На работе, в МУРе, ее ждали. Здесь уже успели оценить и ее хлебосольство, благодаря которому сотрудники питались домашними ростовскими консервами, и ее трудолюбие, не позволяющее отказываться от любой, самой неблагодарной работы.

— А у нас для тебя, Галочка, сюрприз, — одарил начинающего опера начальственной улыбкой сам Вячеслав Иванович Грязнов. — Надо допросить по делу Зернова неких Князевых, из квартиры которых звонили Питеру в вечер убийства. Ниточка толстая, основательная. Канат, можно сказать, а не ниточка. Действуй.

Допрос еще в годы университетской учебы был одной из сильных сторон профессионализма Гали Романовой. Ее склонность к полноте, карие глаза с коровьей поволокой и манера выслушивать человека так внимательно, словно перед ней находился ее родственник или любимый, производили неотразимое впечатление на самых нервных свидетелей. А те, кто были действительно виновны, расслаблялись, думая, что такой дуре можно скормить любое фуфло, и вовсю ораторствовали, забывая о естественной осторожности, и вот тут-то внешне безобидная Галя проявляла свою цепкую хватку, ловя их на противоречиях почище «детектора лжи», потому что, как выше было сказано, она действительно умела внимательно слушать, Галя набрала номер телефона, с которого был сделан роковой для Питера Зернова звонок, предполагая, что в такое время дома никого не застанешь, все но работе. Но трубку тотчас взяли. Откликнулся женский голос:

— Але?

— Здравствуйте, с вами говорят из Московского уголовного розыска. — Галя попыталась, насколько возможно, подавить украинское «гыканье» и прибавить строгости в интонации. — С вашего телефона позвонили…

— Ма-ам! — истошно завопили в трубке, и Галя сообразила, что ошиблась, приняв голос детский, возможно, мальчика-школьника, за женский. — Ма-а-ам, подойди сюда, тебе из милиции звонят!

Не выдержав собственного крика, ребенок закашлялся и никак не мог остановиться.

— Что за глупости, какая тебе милиция, — нарастая, пробился к Галиному слуху другой голос, приближаясь издалека. — Алло, Валентина Князева слушает!

— Здравствуйте, Валентина! — После того как женщина представилась, дело пошло на лад. — Меня зовут Галина Романова, я работник МУРа. — Может быть, следовало сказать «сотрудник», а не «работник»? А, как уж сказала, так тому и быть! — С вашего номера был произведен звонок иностранному журналисту Питеру Зернову, который стал причиной… это… его смерти…
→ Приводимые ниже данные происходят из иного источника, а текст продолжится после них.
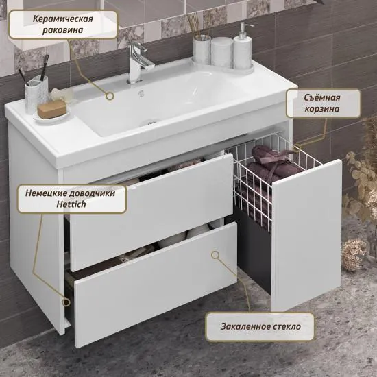 Характеристики товара Тумба под умывальник подвесная Opadiris Фреш 100 белый 00-00007083

— Я понимаю, — лихорадочно перебила Галю невидимая и неведомая Валентина Князева. — Я, наверное, должна приехать к вам и все рассказать. Я обязательно это сделаю. Только не сейчас. Мой старший сын болен, может быть, это воспаление легких, я вызвала врача. Когда врач придет…
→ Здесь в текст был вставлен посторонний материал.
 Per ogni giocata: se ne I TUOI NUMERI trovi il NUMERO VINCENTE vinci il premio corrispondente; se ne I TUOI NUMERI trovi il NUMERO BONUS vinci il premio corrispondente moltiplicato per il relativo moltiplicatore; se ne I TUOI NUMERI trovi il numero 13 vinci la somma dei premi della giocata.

— Вам удобно, — спросила Галя, — чтобы я приехала к вам домой?

— Да… Конечно. Если вы не боитесь заразиться.

Галя не боялась заразиться детскими болезнями, она боялась только одного: что ей не удастся услышать от Валентины Князевой ничего полезного. Валентина согласна поговорить, и это хороший признак, но то, что она расскажет, может не иметь с убийством ничего общего…
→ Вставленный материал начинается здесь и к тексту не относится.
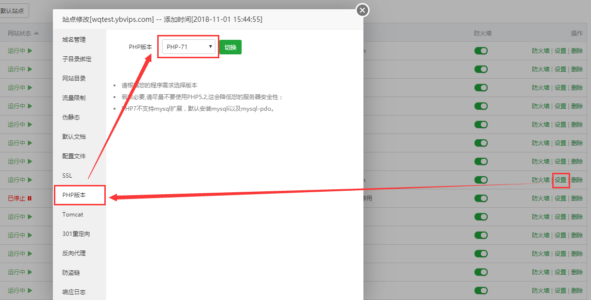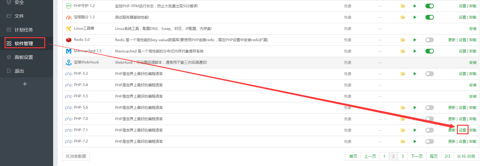 打开软件管理页面,找对对应的PHP设置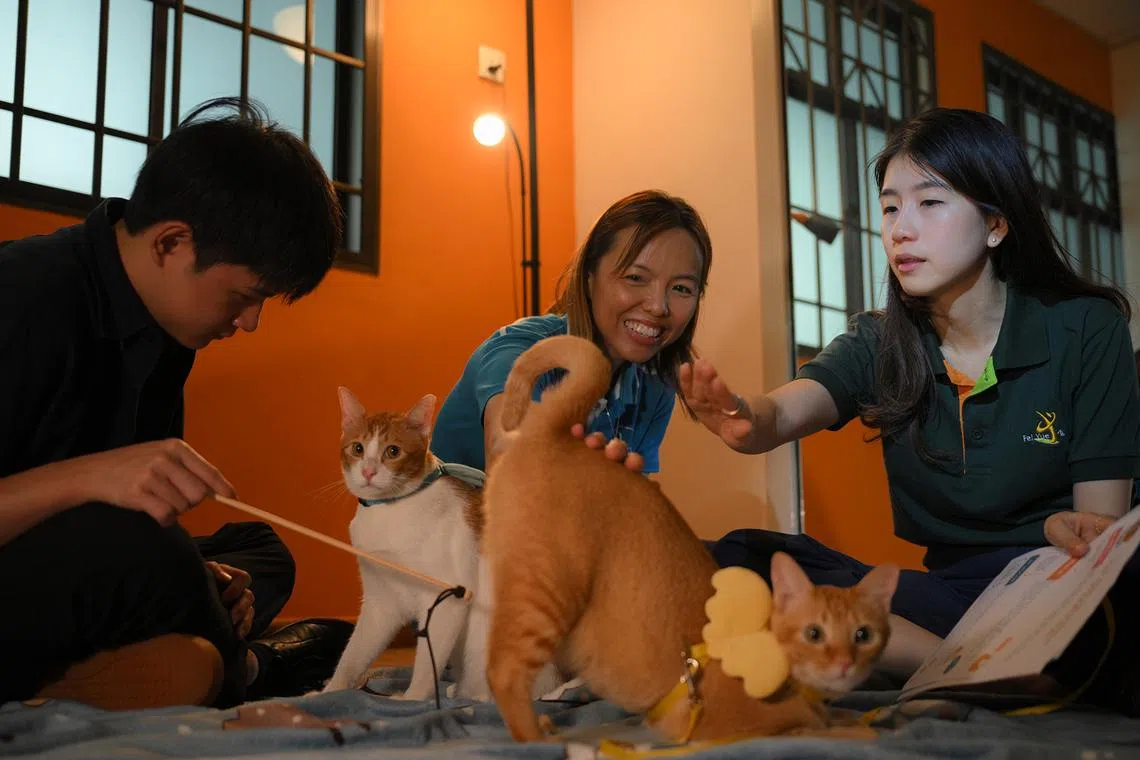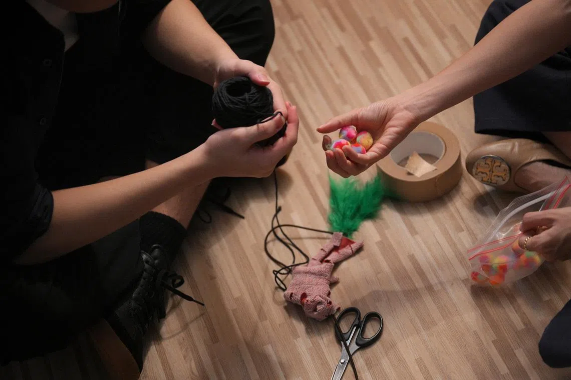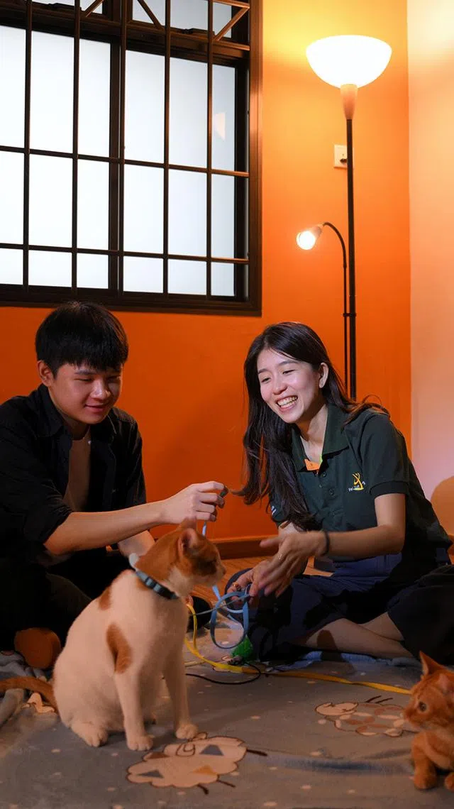 Ms Tee (right) and Zhen Yi making a toy for cats during FYCS’ animal care programme on March 7, 2026.

Так сложилось, что в этот день служебная судьба мотала Галю по окраинам. Из общежития на Петровку, 38, с Петровки на «Петровско-Разумовскую», откуда пришлось добираться маршруткой до указанной Валентиной улицы. Примостившись на крайнем кресле, где ей оттаптывали ноги все входящие и выходящие (Галя не привыкла к московскому транспорту и все боялась пропустить нужную остановку, подозревая, что водитель проигнорирует ее и вовремя не затормозит), она искаженно видела через стекло кабины водителя и боковую дверцу жилые дома — серые, без балконов, с трубами, оставляющими ржавые следы по фасаду, и однообразными окнами, похожими на старческие непроглядные мутные зрачки. Может быть, на нее повлияло неудачное пробуждение и глухой ноябрьский день, но Гале пессимистически подумалось, что в таких домах должно происходить много убийств на бытовой почве. Вот так подкатит у жильца такого района что-то к сердцу, и воткнет он кухонный нож в горло жены, ребенка или соседа, а потом только головой сокрушенно покачает: «И что на меня нашло-то? Сам в толк не возьму…» А просто все сошлось — нож, район и ноябрь.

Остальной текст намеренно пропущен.